What is GERD?
Gastroesophageal reflux disease, or GERD, is a very common digestive condition that typically presents as a burning chest pain, usually after eating. Pain is the result of acidic stomach content moving into the esophagus.
Unlike the stomach, the esophagus is not equipped to handle exposure to acid and digestive enzymes. A large, spicy meal, fatty food and obesity all facilitate exposure of the esophagus to acid. The major mechanism appears to be relaxation of the lower esophageal sphincter, a valve that creates a barrier between the esophagus and stomach. Increased abdominal pressures, from obesity, push stomach contents into the esophagus. The barrier between the stomach and esophagus can be further compromised by a hiatal hernia, which occurs in 50 – 60% of those with GERD.

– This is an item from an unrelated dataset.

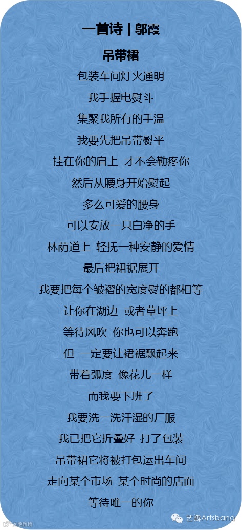 “包装车间灯火通明,我手握电熨斗,聚集我所有的手温。”听她念着,我在电脑这边想她的故事:下班之后,坐在电脑前,她用诗歌自由书写内心。在面对诗歌的时候,她不是组成2.7亿农民工群体的一个数字,而是她自己,是邬霞,是不断走向自我灵魂的女诗人。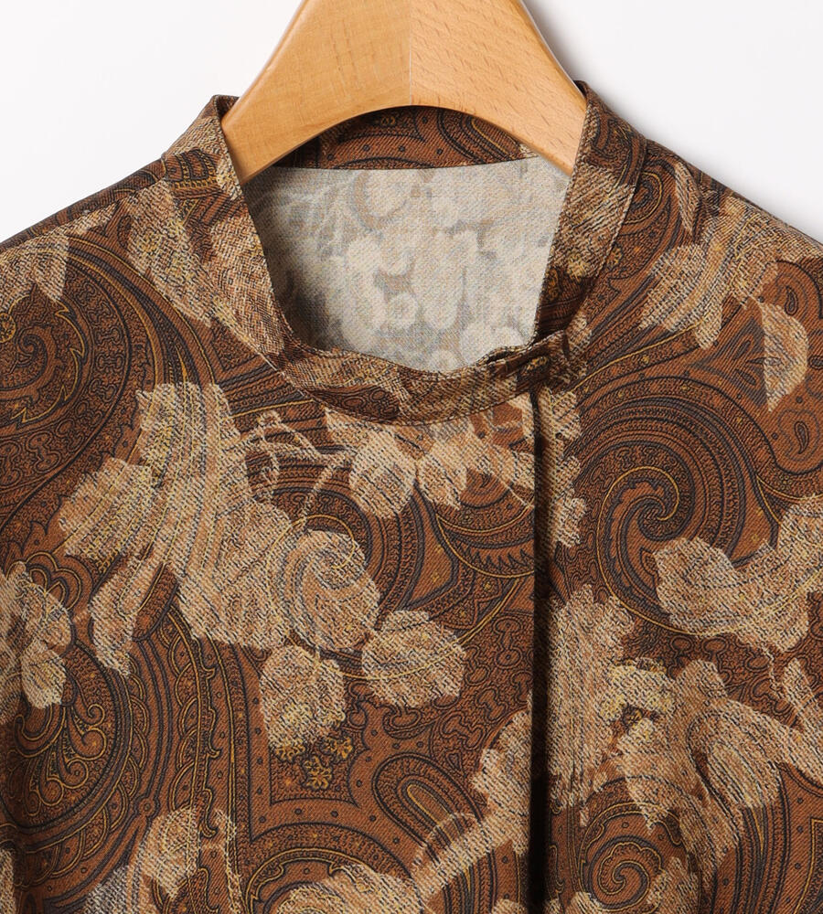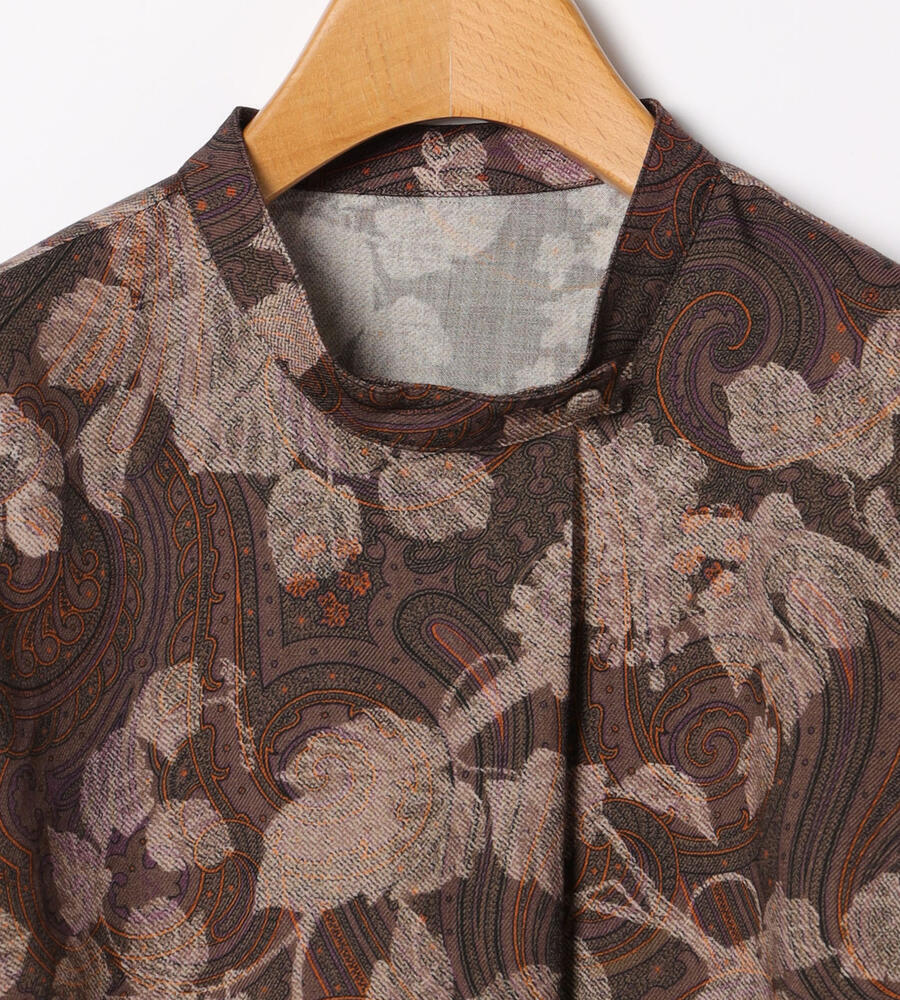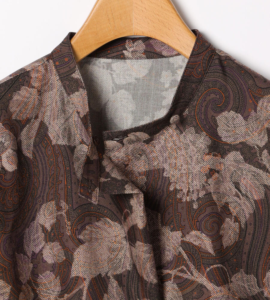ペイズリープリントをベースに異なるプリントを重ねた存在感溢れるデザインが、着こなしに華やぎを与えるラッティシャドーブラウス。首もとはスタンドカラー×ボタン仕様。タックをたたむことで見頃にゆとりをプラスしています。毛100%のイタリア製生地で仕立てたアイテムです。

While heartburn is the major symptom, other symptoms include chest tightness and mouth watering.
Tests & Diagnosis
Typically, improvement in symptoms in response to treatment is highly suggestive of GERD. If your doctor suspects your chest pain or heartburn is from acid, he will likely give you antacids. If you have had longstanding symptoms, have difﬁculty swallowing or weight loss, your doctor may recommend more diagnostic testing or referral to a specialist. Untreated GERD can lead to complications such as ulcers or a narrowing of the esophagus (esophageal strictures). Occasionally the cells of the esophagus can change because of the acid exposure, increasing the risk of esophageal cancer.
If symptoms are rare (1-2 times per week), over the counter antacids may suffice. For more frequent symptoms, daily acid suppression with a proton pump inhibitor is often utilized. Lifestyle modification may also be helpful, including weight loss, decreasing the amount of fat in the diet and eating smaller meals. In select patients with severe symptoms, surgery to create a tighter barrier to acid can be considered. We can provide guidance on the best approach to minimize symptoms and stress related to GERD.